▸ WHAT YOU HAVE TO DO
The whole listing below should be retyped exactly, without any images.
——
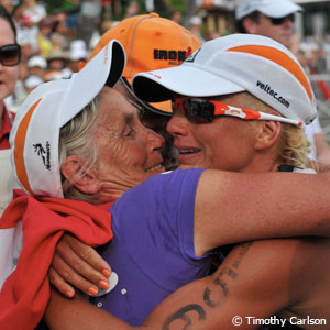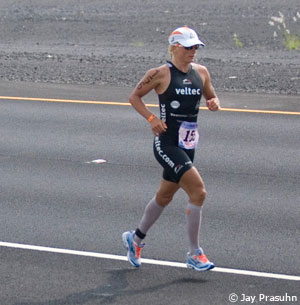 The year for my partner (Thomas J. Vonach) and I was already successful when we were on our way to Kona. We had great preparation for the World Champs in Hawaii, altitude training in Lake Tahoe was the key for another great race this season. Would it work? We would find out on October 11 and yes it worked, we both had a great race. Thomas top 100 for the 6th time (and only five months after two disc-surgeries and a numb left leg) and me…. I guess you know the story: Rookie of the year and a great 2nd place behind Chrissie Wellington, who seems to be out of the world at the moment. How did I become 2nd? I just did what Tommy (my boy friend, manager and training-partner) told me to do: I had an easy, maybe little bit to slow swim, but for that felt full of energy and rested on the bike (nevertheless I will work hard on my swim in Australia this winter). On my little tiny Cervélo P3 with 26” wheels (I ride a 48cm due to my pocket-rocket-body-size). I hunted down all the girls and ended up with the fastest bike time of the day. How did I do that? I just did what Tommy recommended and he should know because he did the race seven times. "Start slow and ride as fast as you can going back from Hawi and take care to go below the wind with your tiny bike." 😉 I have to say a big thank you to Veltec USA and Bikeworks (Kona) for making my bike that fast, it felt like they did hide a motor somewhere that was helping me along.
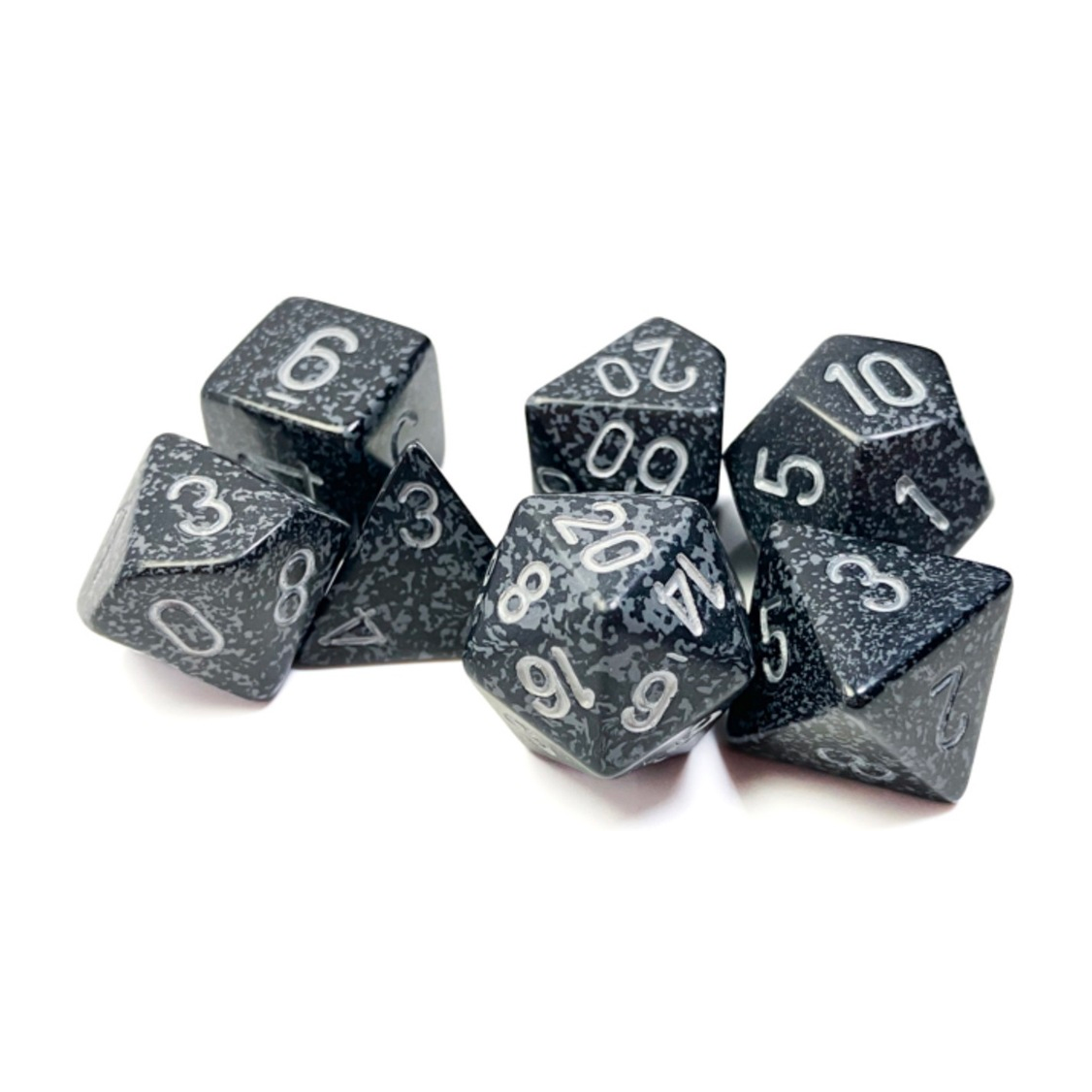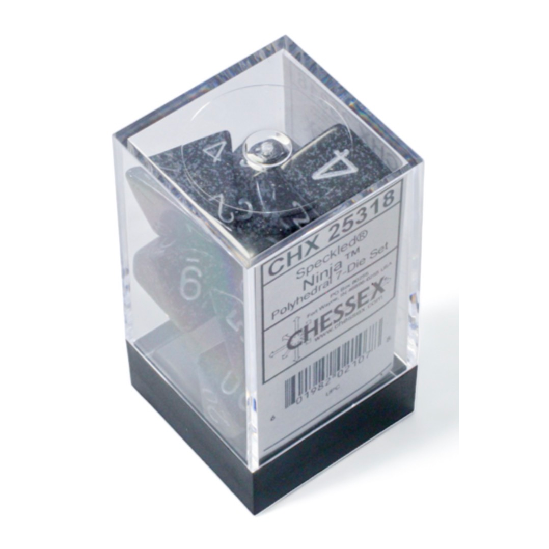 This set contains 7 Speckled Ninja dice with silver numbers
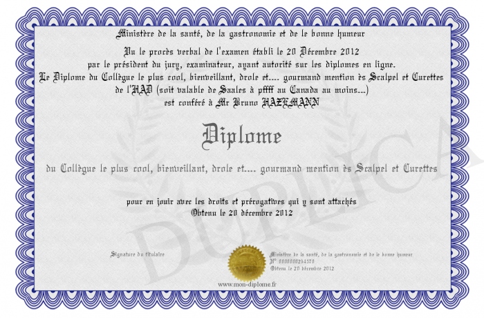 Envoyez par email votre Diplôme du Collègue le plus cool, bienveillant, drôle et.... gourmand mention ès Scalpel et Curettes personalisé
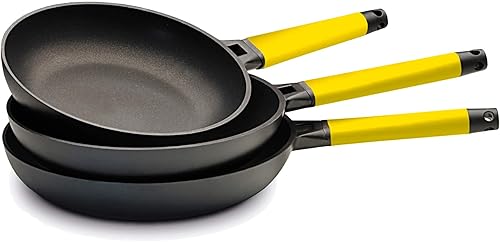 Castey - Lot de 3 poêles vitro-gaz avec manche jaune 20-24-28 cm
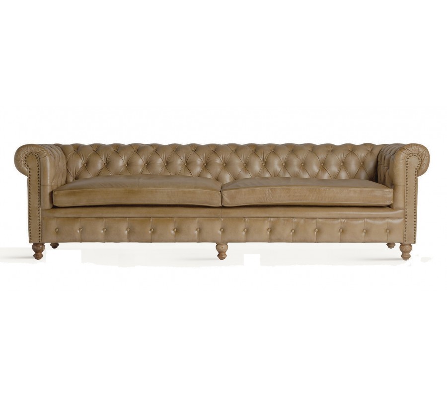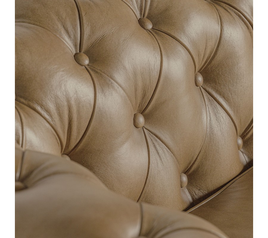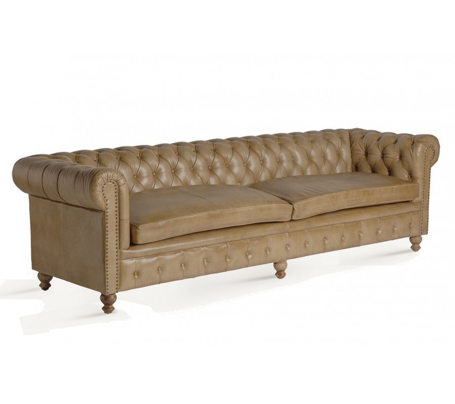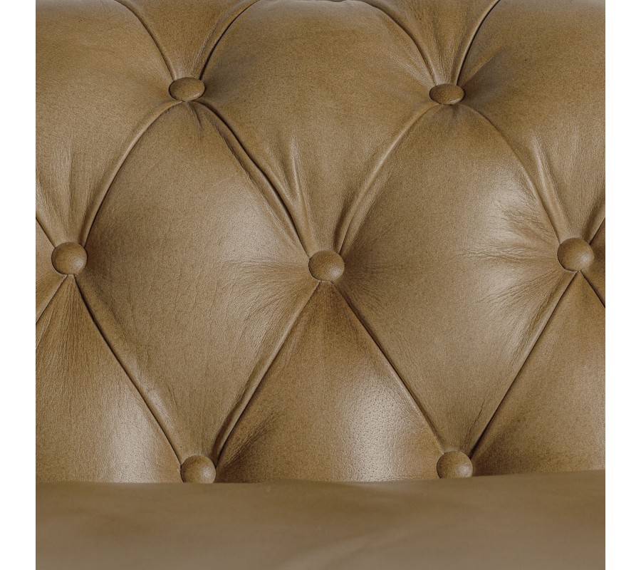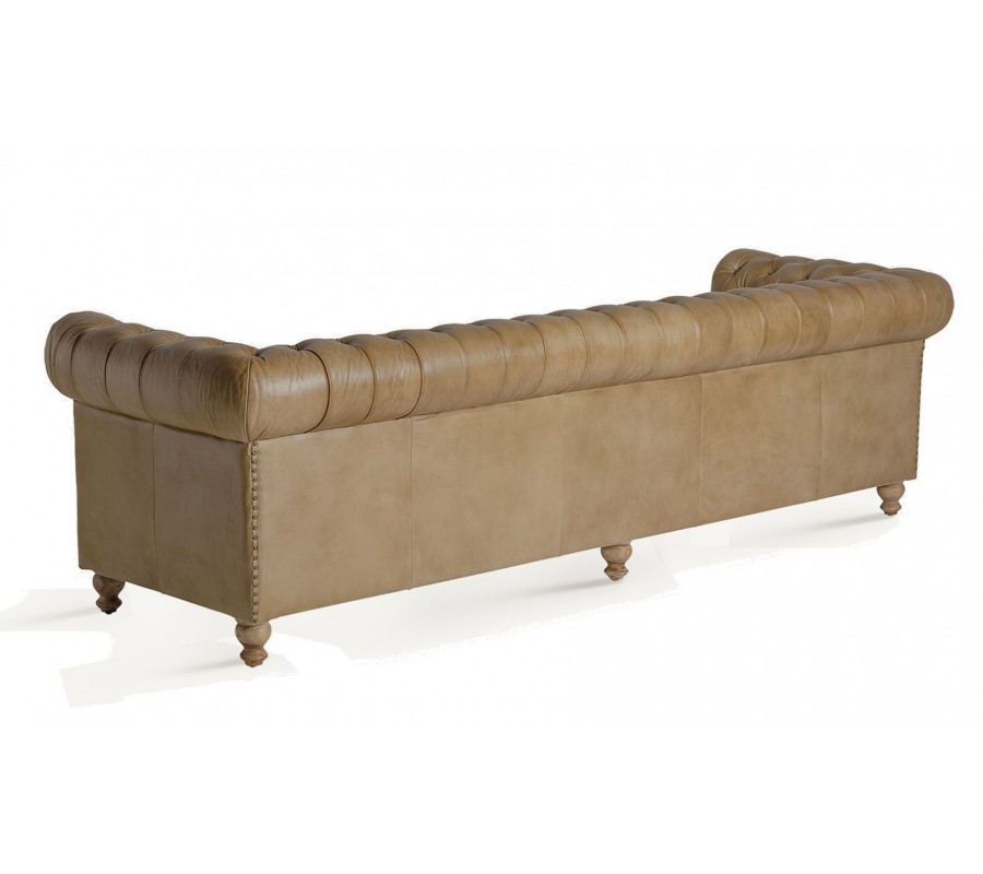 Luxusná chesterfield sedačka Talbot s prešívanou opierkou a svetlým hnedým poťahom z pravej kože 268 cm
——
▸ WORKED SOLUTION
 The year for my partner (Thomas J. Vonach) and I was already successful when we were on our way to Kona. We had great preparation for the World Champs in Hawaii, altitude training in Lake Tahoe was the key for another great race this season. Would it work? We would find out on October 11 and yes it worked, we both had a great race. Thomas top 100 for the 6th time (and only five months after two disc-surgeries and a numb left leg) and me…. I guess you know the story: Rookie of the year and a great 2nd place behind Chrissie Wellington, who seems to be out of the world at the moment. How did I become 2nd? I just did what Tommy (my boy friend, manager and training-partner) told me to do: I had an easy, maybe little bit to slow swim, but for that felt full of energy and rested on the bike (nevertheless I will work hard on my swim in Australia this winter). On my little tiny Cervélo P3 with 26” wheels (I ride a 48cm due to my pocket-rocket-body-size). I hunted down all the girls and ended up with the fastest bike time of the day. How did I do that? I just did what Tommy recommended and he should know because he did the race seven times. "Start slow and ride as fast as you can going back from Hawi and take care to go below the wind with your tiny bike." 😉 I have to say a big thank you to Veltec USA and Bikeworks (Kona) for making my bike that fast, it felt like they did hide a motor somewhere that was helping me along.
 This set contains 7 Speckled Ninja dice with silver numbers
 Envoyez par email votre Diplôme du Collègue le plus cool, bienveillant, drôle et.... gourmand mention ès Scalpel et Curettes personalisé
 Castey - Lot de 3 poêles vitro-gaz avec manche jaune 20-24-28 cm
 Luxusná chesterfield sedačka Talbot s prešívanou opierkou a svetlým hnedým poťahom z pravej kože 268 cm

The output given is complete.